Stored items:
● ● ● ● ●
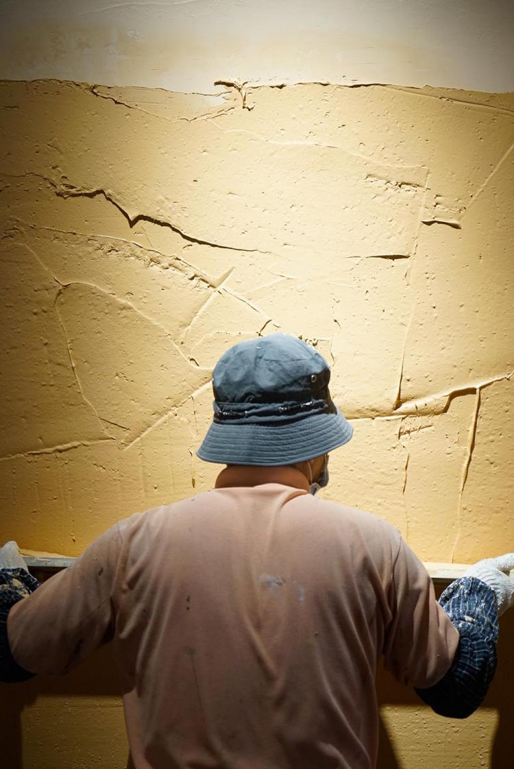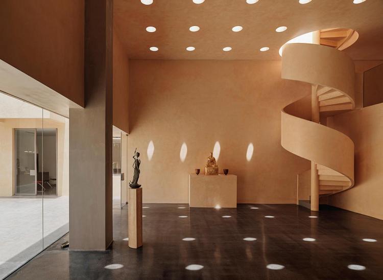 例如建筑外立面及佛像展厅室内(天花、墙面等大部分空间)均采用了一款肌理涂料,这款涂料在当地没有合适的供应商。为了保证最终效果,业主方、施工方与我们一起在场地上进行了反复试验和打样 ,最终所有室外及室内墙面的特殊肌理皆由工人师傅手工反复涂抹出来。完成后的肌理效果,使原本相对各自独立、立面语言不统一的三栋建筑重新获得了整体性和识别度。稍显遗憾的是,原本可以让具象光线及佛像更加凸显出来的天地墙一体的展厅,由于工期的原因,地面部分改成了与办公室统一的深灰色金刚砂地坪。
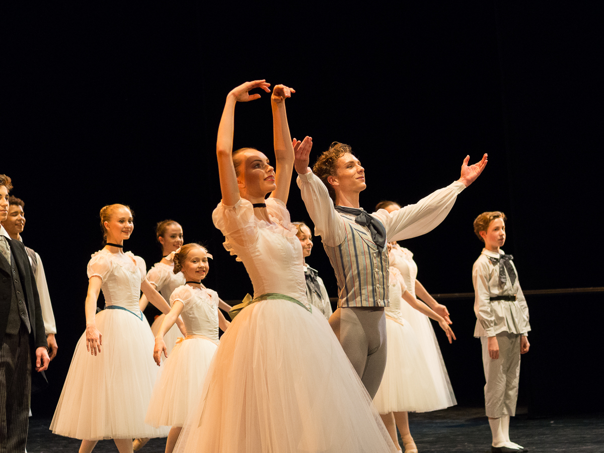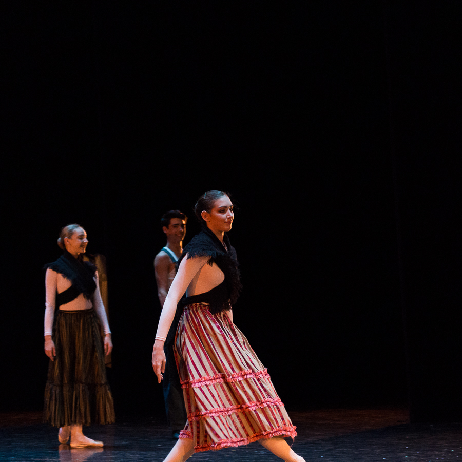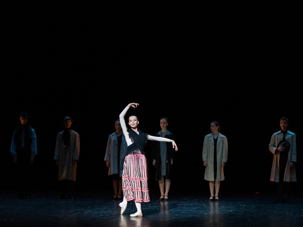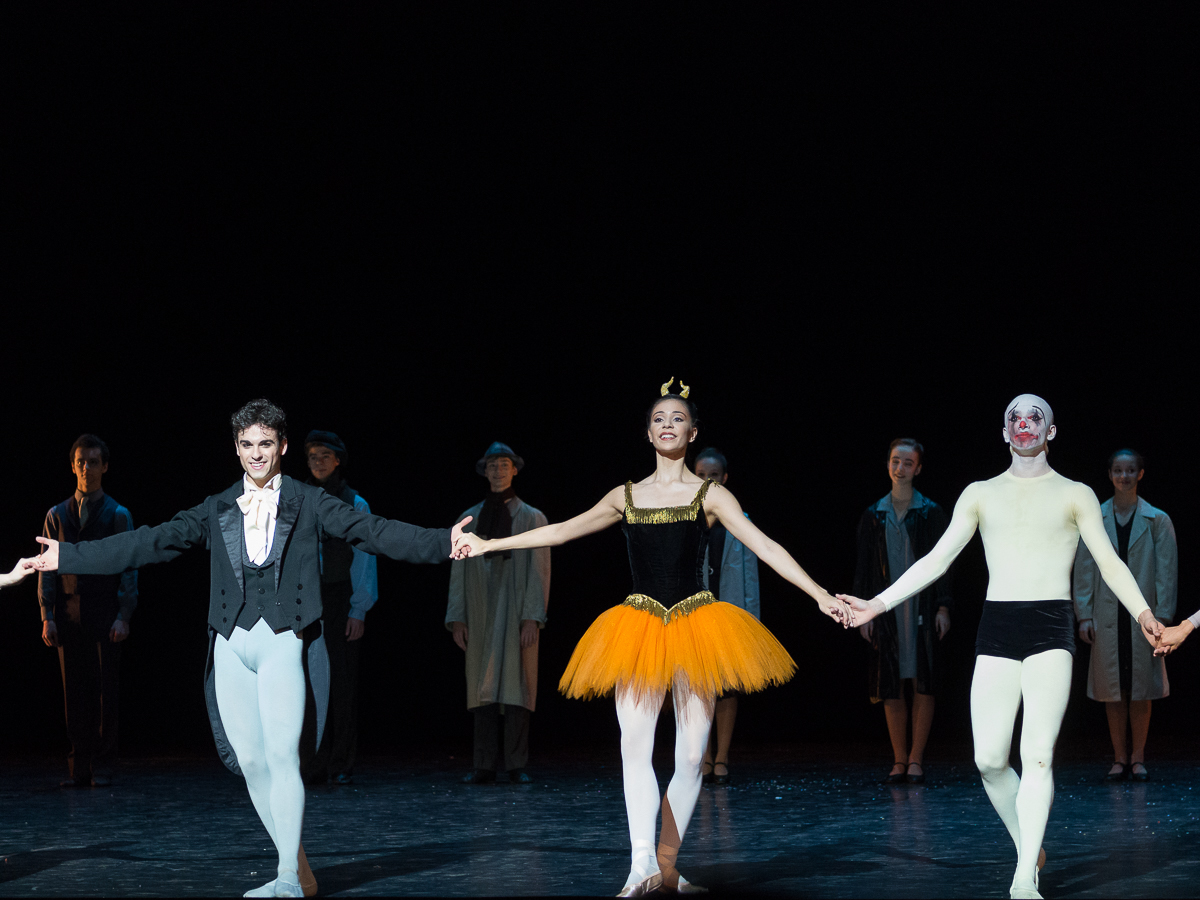 Avec Les Forains, on fait un bond dans le temps de près d’un siècle pour retrouver Roland Petit, autre élève de la maison, et sa théâtralité pour son premier opus de chorégraphe associé à Boris Kochno, une des figures de proue des Ballets Russes, et au décorateur Christian Bérard. Ce ballet est la démonstration éclatante qu’avec un décor très simple, quelques accessoires et des costumes chinés aux puces, on peut faire des miracles et créer une superbe scénographie. A travers ces scènes de la vie d’une troupe de saltimbanques, les jeunes danseurs ont l’occasion d’exprimer leur sensibilité avec des personnages qui ont chacun une petite histoire à raconter. La chorégraphie n’est pas particulièrement complexe, mais particulièrement efficace avec de très beaux tableaux : le pas de deux entre le clown et la petite fille rehaussée par un tabouret, la danse serpentine de Loïe Fuller, le prestidigitateur et les deux colombes, autant de moments qui distillent la magie du spectacle.
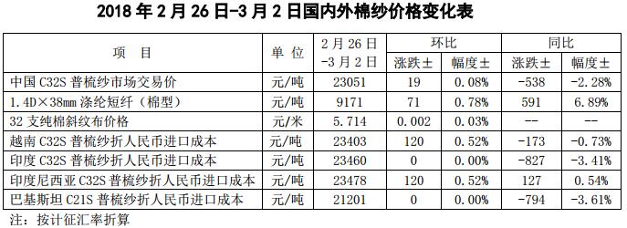 本周國內(nèi)紡企訂單小量增加,棉紗價格延續(xù)小幅上漲;外紗價格隨國際棉價繼續(xù)上漲;國內(nèi)坯布陸續(xù)啟動,純棉布價格出現(xiàn)上漲跡象;滌綸短纖價格隨原料PTA走勢回升。
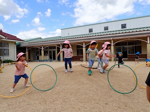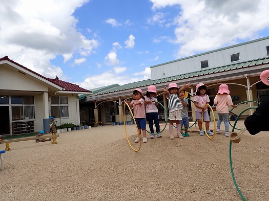 2024年06月12日 ころころころ~ 3歳児 つき 園庭の築山~フラフープを転がしては、走って取りに行く… これがなかなか面白い♪ 友だちと一緒で、面白さも倍増です! 用意はいいかい? フープまてまて~! 一覧へ戻る
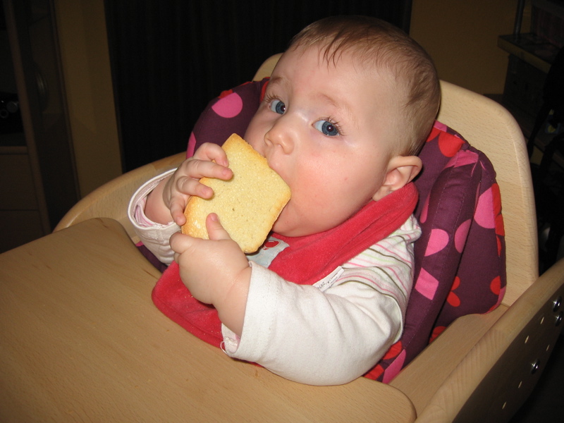 Natürlich hab ich mich nicht nur damit zufrieden gegeben, den beiden beim Futtern zuzusehen. Ich wollte auch etwas zwischen meinen noch auf sich wartenden Zähnen haben. Und was geben mir Mama und Papa da zuerst … Zwieback. Na toll. Soll ich mir jetzt den Zwieback weich „lutschen“? Nachdem Mama erkannt hat, dass das so nichts wird, hat sie mir eine Banane in die Hand gedrückt.
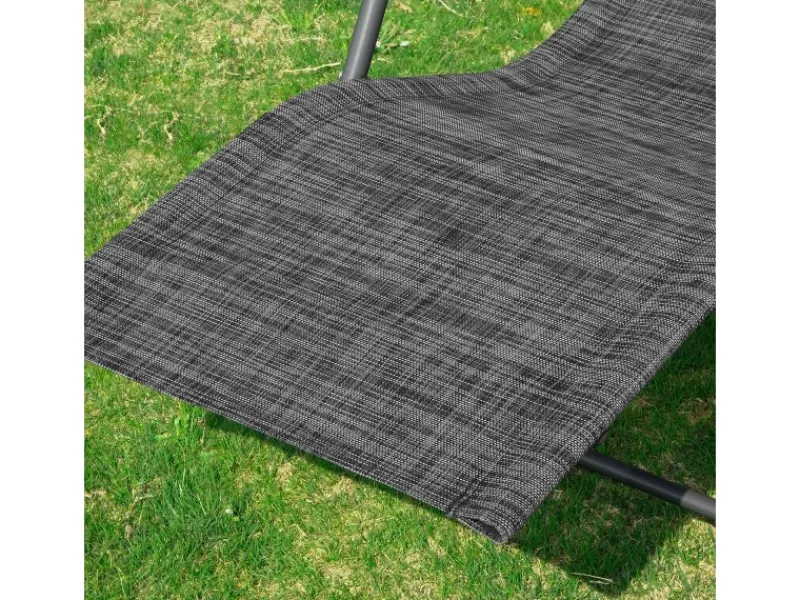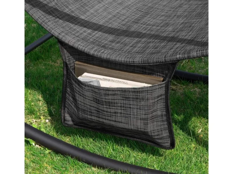 Die bequeme Liegefläche aus Kunstfasergewebe lädt ausgiebigen Relaxen ein, während Gummiüberzüge den Rahmen zu einer angenehmen Armablage verwandeln
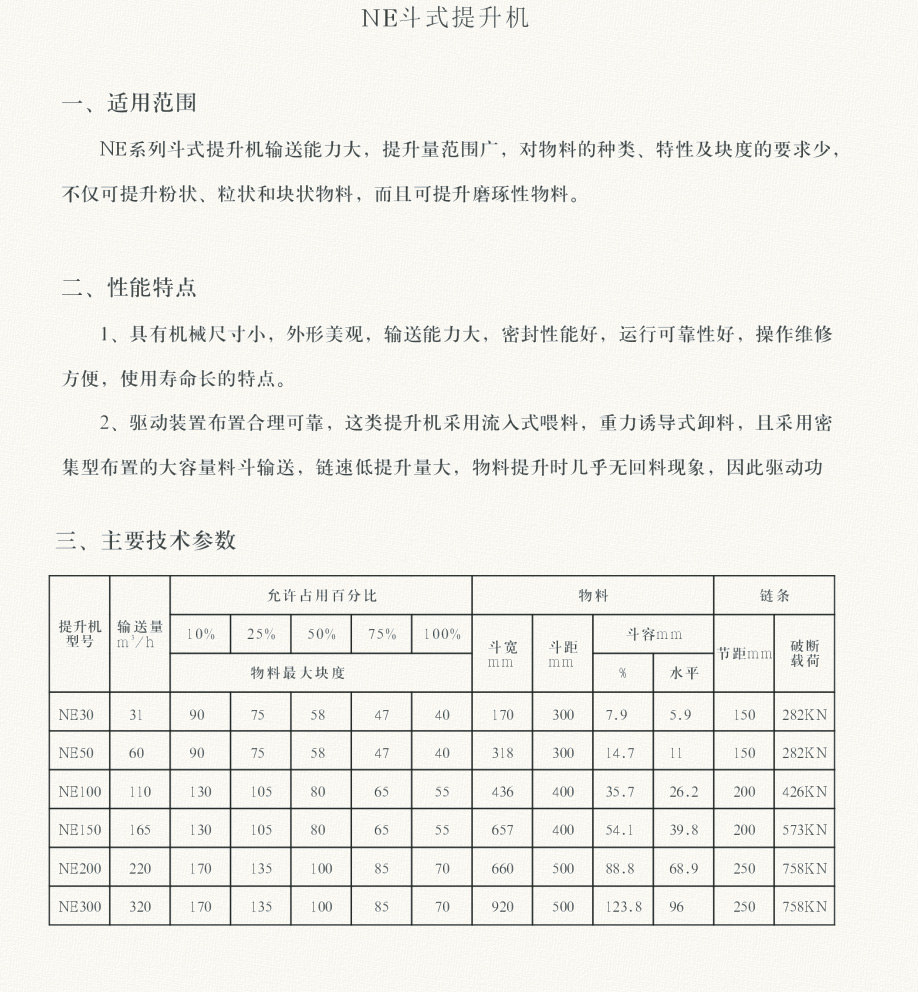 1、提升范圍廣。這類提升機(jī)對(duì)物料的種類、特性及塊度的要求少。不僅可提升粉狀、粒狀和塊狀物料,而且可提升磨琢性物料。要求物料溫度≤250℃。
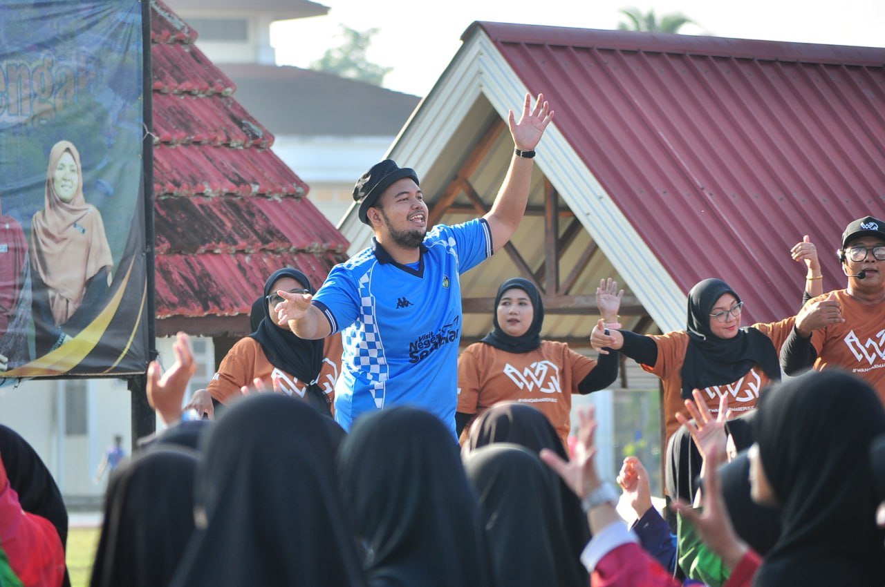 Senamrobik Perdana: Sesi memanaskan badan dan senaman beramai-ramai yang diketuai oleh Instruktor Senamrobik
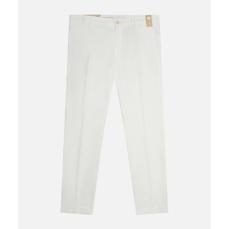 Slim fit chinos in cotton-elastane fabric. This model is characterized by back welt pockets with flaps, without pleats on the front and finished bottom with turn-up.
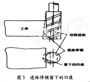 廓 ,以保證工件質(zhì)量。退刀時(shí)刀具也必須沿曲線切向退刀 ,然后再返回起點(diǎn) ,見圖 2。如果沿法向切入 ,會(huì)留下明顯的刀痕。應(yīng)盡量避免在進(jìn)給中途停頓 ,引起接刀痕 ,見圖 3。如果加工時(shí)必須進(jìn)行垂直切入 /切出引導(dǎo) ,這時(shí)必須使刀具遠(yuǎn)離工件進(jìn)行切入 ,同時(shí) ,建立刀補(bǔ) ,然后沿要求的軌跡進(jìn)行切削加工 ,當(dāng)切削完成時(shí) ,沿切出引導(dǎo)線遠(yuǎn)離已加工工件 ,同時(shí)撤離刀補(bǔ)。應(yīng)特別注意在工件被加工曲面處垂直工件表面的方向下刀或抬刀。
● ● ● ● ●
About this task: What should be set down is every line from the opening of the records through the line that contains "本周國內(nèi)紡企訂單小", exactly, with pictures left out.

Output of the task:
 例如建筑外立面及佛像展厅室内(天花、墙面等大部分空间)均采用了一款肌理涂料,这款涂料在当地没有合适的供应商。为了保证最终效果,业主方、施工方与我们一起在场地上进行了反复试验和打样 ,最终所有室外及室内墙面的特殊肌理皆由工人师傅手工反复涂抹出来。完成后的肌理效果,使原本相对各自独立、立面语言不统一的三栋建筑重新获得了整体性和识别度。稍显遗憾的是,原本可以让具象光线及佛像更加凸显出来的天地墙一体的展厅,由于工期的原因,地面部分改成了与办公室统一的深灰色金刚砂地坪。
 Avec Les Forains, on fait un bond dans le temps de près d’un siècle pour retrouver Roland Petit, autre élève de la maison, et sa théâtralité pour son premier opus de chorégraphe associé à Boris Kochno, une des figures de proue des Ballets Russes, et au décorateur Christian Bérard. Ce ballet est la démonstration éclatante qu’avec un décor très simple, quelques accessoires et des costumes chinés aux puces, on peut faire des miracles et créer une superbe scénographie. A travers ces scènes de la vie d’une troupe de saltimbanques, les jeunes danseurs ont l’occasion d’exprimer leur sensibilité avec des personnages qui ont chacun une petite histoire à raconter. La chorégraphie n’est pas particulièrement complexe, mais particulièrement efficace avec de très beaux tableaux : le pas de deux entre le clown et la petite fille rehaussée par un tabouret, la danse serpentine de Loïe Fuller, le prestidigitateur et les deux colombes, autant de moments qui distillent la magie du spectacle.
 本周國內(nèi)紡企訂單小量增加,棉紗價格延續(xù)小幅上漲;外紗價格隨國際棉價繼續(xù)上漲;國內(nèi)坯布陸續(xù)啟動,純棉布價格出現(xiàn)上漲跡象;滌綸短纖價格隨原料PTA走勢回升。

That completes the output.